Use whatever means, analytic or numerical, to find this length.

Note: A similar question concerning inscribing a square bar in a cuboid is addressed here.

My initial thoughts: We have to find the direction of the axis of the cylinder (the rod), and with an assumed length, we have the base (which is of known radius) touching the three adjacent intersecting faces of the cuboid near the end the of the rod. The unknowns here are spherical coordinates angles $\theta$ and $\phi$ specifying the direction of the axis, and in addition to that, the length of the rod. That's it, only three unknowns.

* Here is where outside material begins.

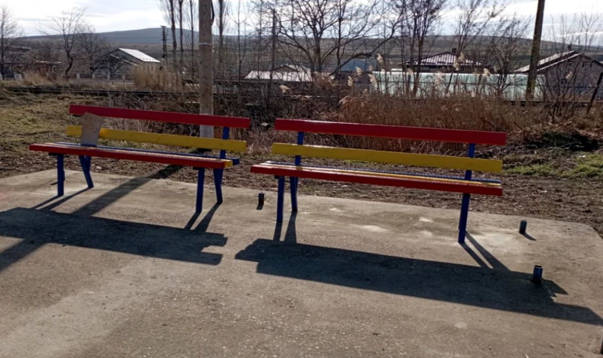 Multe gospodării aveau în față bănci improvizate care nu dădeau bine. Așa că au fost înlocuite cu unele „standard”, făcute pe cheltuiala primăriei. Mai nou, localnici s-au trezit cu bănci vopsite în tricolor în fața porții.

To that end, let the cuboid be centered at the origin, its faces that intersect in the first octant at $x = a , y = b , z = c $. Let the length of the cylinder be $L = 2 \ell$. The unit vector direction of the axis of cylinder which passes through the center of the cuboid (the origin) can be parameterized as follows

$ A = ( \sin \theta \cos \phi, \sin \theta \sin \phi, \cos \theta ) $

Two vectors that are orthogonal to $A$ are

$ u_1 = (\cos \theta \cos \phi, \cos \theta \sin \phi, - \sin \theta)$

$u_2 = (- \sin \phi, \cos \phi, 0 ) $

The top base of the cylinder is described by

$ P(t) = \ell A + r u_1 \cos t + r u_2 \sin t $

And we want this circle to be tangent to the plane $x = a$, therefore, we want $P_x(t) = \ell A_x + r u_{1x} \cos t + r u_{2x} \sin t $ to have a single solution to $P_x(t) = a $

This implies that

$ a - \ell \sin \theta \cos \phi = r \sqrt{ \cos^2 \theta \cos^2 \phi + \sin^2 \phi } $

Similarly for the other two faces, we have

$ b - \ell \sin \theta \sin \phi = r \sqrt{ \cos^2 \theta \sin^2 \phi + \cos^2 \phi} $

and

$ c - \ell \cos \theta = r \sin \theta $

This is a system of $3$ (nonlinear) equations in the three unknowns $ \theta, \phi, \ell $. They can be solved numerically quite easily using the well-known Newton-Raphson multi-variate method, provided that you have a good initial guess of the unknowns vector $X = [\theta, \phi, \ell ] $.

This is what I have as a answer to this question. I appreciate other answers, or comments on the question and the attempted answer.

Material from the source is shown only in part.